It’s the Pitts
Being put in a position of authority is ego expanding but it also exposes a person to insult and injury. Just ask a politician, editor or a bull grader.
In the cattle business one of the highest positions of honor that a rancher can hope to achieve is to be asked to be a bull grader at one of the many sales that take place throughout the west. To be chosen as a bull grader means that you are a respected judge of the bovine body and a leader among men. It also means that the sale management hopes that you will hang around after your grading duties are over and buy a few bulls in the sale. Grading bulls doesn’t pay anything, usually just a steak dinner, but it sure elevates a person’s feelings about himself. That is, until a consignor disagrees with your appraisal of their bull. Then it can get really nasty.
Adolf had been trying for years to breed a bull in his small herd that would be good enough to make the grade at his county all breed bull sale. Alas, every year it was the same result: Adolf’s bull went home in the same trailer that it arrived in.
It was an annual rite of Fall: Adolf loaded up his bull and hauled him to the sale yard for the big sale only to have the panel of commercial cattlemen score his bull so low that the bull was ineligible to sell. Adolf was not asking much; he didn’t want a plaque, a blue ribbon or a trophy. Not even a high seller. He would have been as happy as a fly in a pie selling a bull for $1,000, just as long as his bull made the sale and Adolf got to see his name in the bull sale catalog.
Despite the yearly disappointment Adolf was just like a steer … he kept trying. Such was his determination that he embarked upon an artificial insemination program to upgrade the quality of his bulls. Surely this would be the year he got a bull into the county all breed sale.

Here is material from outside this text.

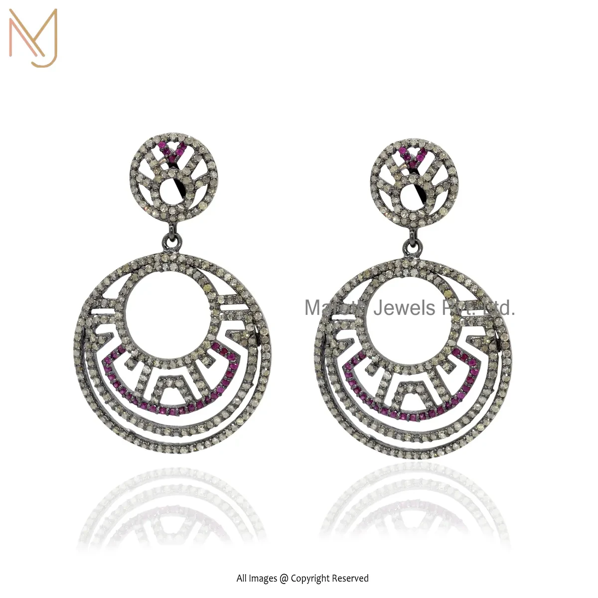 925 Silver Rhodium Plated Pave Diamond Ruby Gemstone Drop Earring Manufacturer

But it was not to be yet again. After the graders appraised the offering Adolf’s bull was not to be found in the sale order. Not even on the last page. Adolf looked like a motherless calf but the sadness quickly turned to rage as he appraised the other bulls that made the sale. Surely his bull was just as good as they were. Madder than a rained on rooster, Adolf approached John, the sale manager and demanded to know, “What was wrong with my bull this year?”
Like all good sale managers John passed the buck and suggested that Adolf take the matter up with the graders, after all, it wasn’t John’s fault the bull graders had so wrongly sifted poor Adolf’s bull. The bull sure looked like fine stock to him. “There are the graders,” said John.” Why don’t you ask them what was wrong with your good bull.”

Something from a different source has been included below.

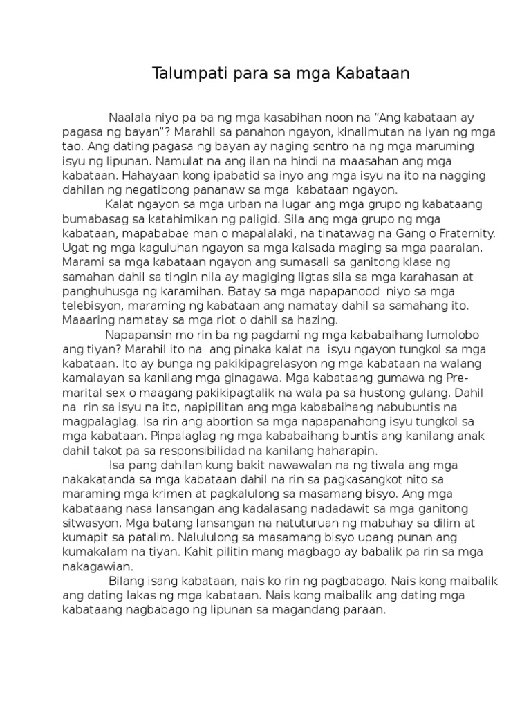 TalumpatiTugon ng mga Kabataan sa mga Isyu ng lipunan. TALUMPATI Ang pandemya ay isang bagay na tayong lahat ay nakaransan ngunit sa talumpati na ito ating makikita na tungkol ito sa ibat-ibang karanasan nating lahat. Itoy isang talumpating aking inihahandog para sa mga Kabataang Pilipino.

Adolf was clearly on the prod as he approached the graders. Without any howdie-doos Adolf lit into them. “I want you fellows to know that my bull is the product of artificial insemination and he is sired by one of the great bulls of the breed. I had two half brothers of this bull at home and one of them I sold for $1,200 and the other for $1,100. Despite the fact that I probably could have sold this bull back at the ranch I saved him for this sale and then you big-feeling idiots have the nerve to sift him and thereby deprive the ranchers in this area of the benefit of the excellent genetics in my program,” said Adolf proudly.

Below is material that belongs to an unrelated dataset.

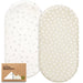 Measuring 33" x 17" (H: up to 4"), these bassinet mattress sheets fit most bassinet mattress shapes. They are easy to put on and come with a SnugFit band to ensure that baby bassinet sheets stay securely in place, providing a safe and cozy slumber.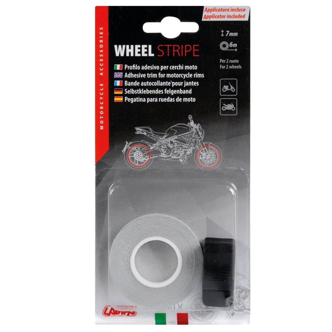 Αυτοκόλλητη ταινία υψηλής ποιότητας και αντοχής από την εταιρία LAMPA. Κατάλληλη για να διακοσμεί περιμετρικά την ζάντα της μηχανής ή του αυτοκινήτου σας, δίνοντας σπορ εμφάνιση και χρώμα στο όχημά σας. Η ταινία είναι ανακλαστική και προσφέρει ορατότητα σε διερχόμενους οδηγούς την ημέρα ή την νύχτα. Η ταινία καλύπτει 2 ζάντες μοτοσικλέτας ή 4 ζάντες αυτοκινήτου.

To this remark one of the graders replied in a condescending tone, “Adolf let me try to explain. My fellow bull grader here, George, was one of three children in his family. His two brothers were the smartest and most beautiful children you have ever seen. But George here, well, as you can see he is not all that pleasing to look at, if you know what I mean.”
Before the bull grader could continue Adolf interrupted. “No you don’t understand. This is different. I have all the records. I know who the sire of my bull is.”